Vision Models (recommended): Uses local LLaVA model via Ollama to understand context - great for dashboards, code, consoles
OCR: Traditional text extraction - faster but less context-aware

The result is a rich, timestamped transcript that provides full context for AI summarization.

Installation

1. System Dependencies

Ollama (required for vision analysis):

# Install from https://ollama.ai/download
# Then pull a vision model:
ollama pull llava:13b
# or for lighter model:
ollama pull llava:7b

FFmpeg (for scene detection):

# Ubuntu/Debian
sudo apt-get install ffmpeg

# macOS
brew install ffmpeg

Tesseract OCR (optional, if not using vision):

# Ubuntu/Debian
sudo apt-get install tesseract-ocr

# macOS
brew install tesseract

# Arch Linux
sudo pacman -S tesseract

2. Python Dependencies

pip install -r requirements.txt

3. Whisper (for audio transcription)

pip install openai-whisper

4. Optional: Install Alternative OCR Engines

If you prefer OCR over vision analysis:

# EasyOCR (better for rotated/handwritten text)
pip install easyocr

# PaddleOCR (better for code/terminal screens)
pip install paddleocr

Quick Start

Recommended: Vision Analysis (Best for Code/Dashboards)

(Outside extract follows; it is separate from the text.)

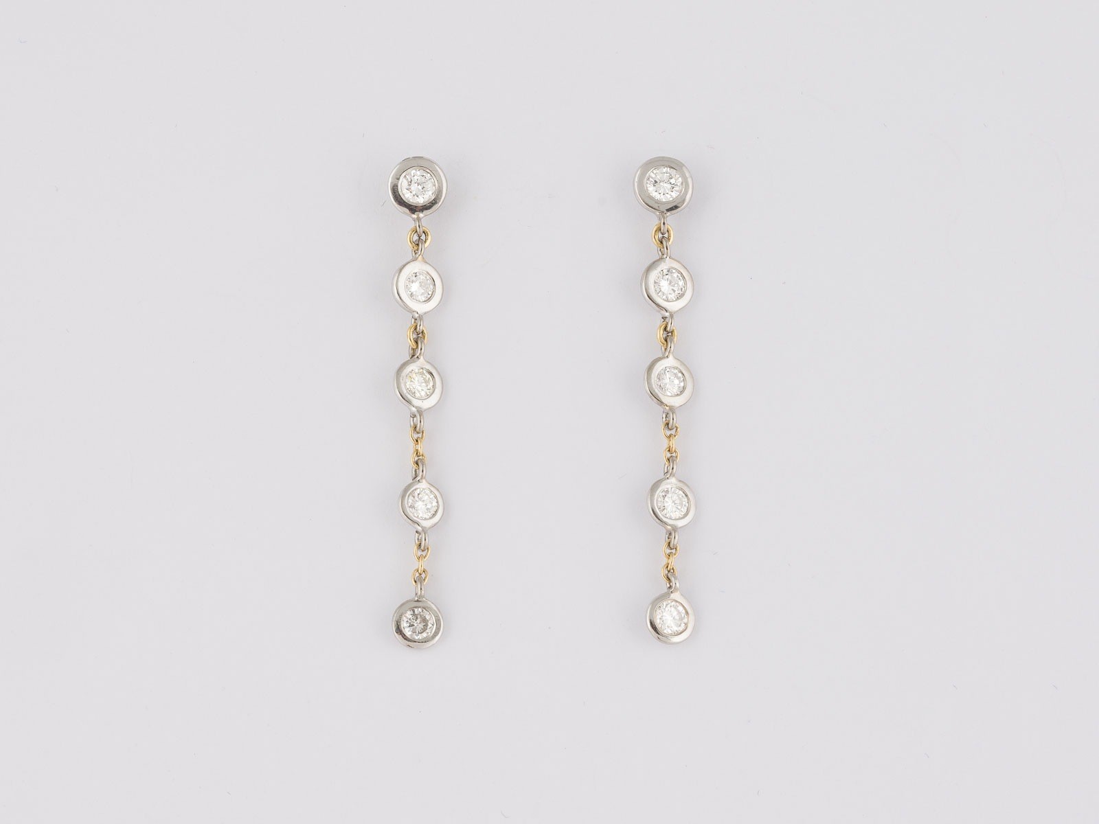 Gelbgold, Weißgold. L. 4,5 cm, Ges.-Gew. ca. 4,2 g. Gest. 750. Zusammen 10 Brillanten, zusammen ca. 1,40 ct., etwa G-H VS-SI. Minimale Tragespuren.

python process_meeting.py samples/meeting.mkv --run-whisper --use-vision

This will:

Run Whisper transcription (audio → text)
Extract frames every 5 seconds
Use LLaVA vision model to analyze frames with context
Merge audio + screen content
Save everything to output/ folder

Re-run with Cached Results

Already ran it once? Re-run instantly using cached results:

# Uses cached transcript, frames, and analysis
python process_meeting.py samples/meeting.mkv --use-vision

# Force reprocessing
python process_meeting.py samples/meeting.mkv --run-whisper --use-vision --no-cache

Traditional OCR (Faster, Less Context-Aware)

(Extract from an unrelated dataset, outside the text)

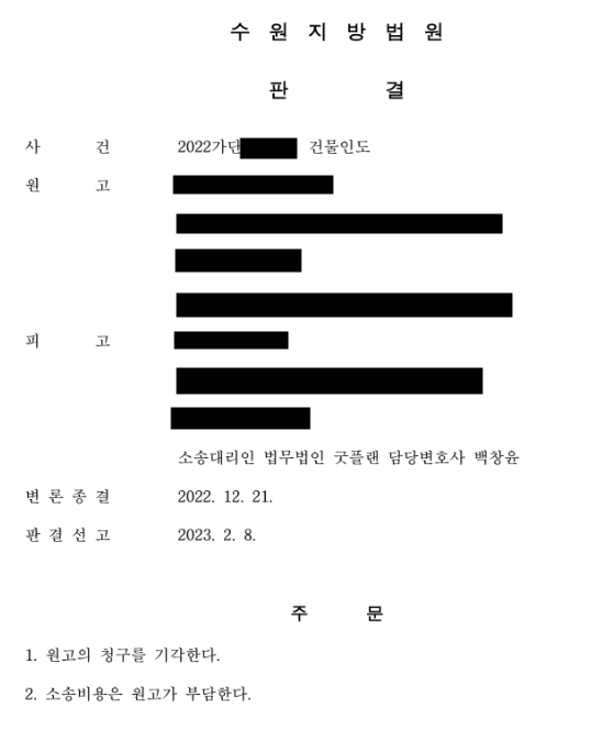 본 소송의 상대방이었던 원고는 의뢰인과 임대차 계약을 체결하였고, 정한 계약기간 2년이 지났으며 본인들이 본 건물을 사용할 것이니 건물을 인도해야 한다는 취지로 건물인도를 청구하였습니다.

python process_meeting.py samples/meeting.mkv --run-whisper

Usage Examples

Vision Analysis with Context Hints

# For code-heavy meetings
python process_meeting.py samples/meeting.mkv --run-whisper --use-vision --vision-context code

# For dashboard/monitoring meetings (Grafana, GCP, etc.)
python process_meeting.py samples/meeting.mkv --run-whisper --use-vision --vision-context dashboard

# For console/terminal sessions
python process_meeting.py samples/meeting.mkv --run-whisper --use-vision --vision-context console

Different Vision Models

# Lighter/faster model (7B parameters)
python process_meeting.py samples/meeting.mkv --run-whisper --use-vision --vision-model llava:7b

# Default model (13B parameters, better quality)
python process_meeting.py samples/meeting.mkv --run-whisper --use-vision --vision-model llava:13b

# Alternative models
python process_meeting.py samples/meeting.mkv --run-whisper --use-vision --vision-model bakllava

Extract frames at different intervals

# Every 10 seconds
python process_meeting.py samples/meeting.mkv --run-whisper --use-vision --interval 10

# Every 3 seconds (more detailed)
python process_meeting.py samples/meeting.mkv --run-whisper --use-vision --interval 3

Use scene detection (smarter, fewer frames)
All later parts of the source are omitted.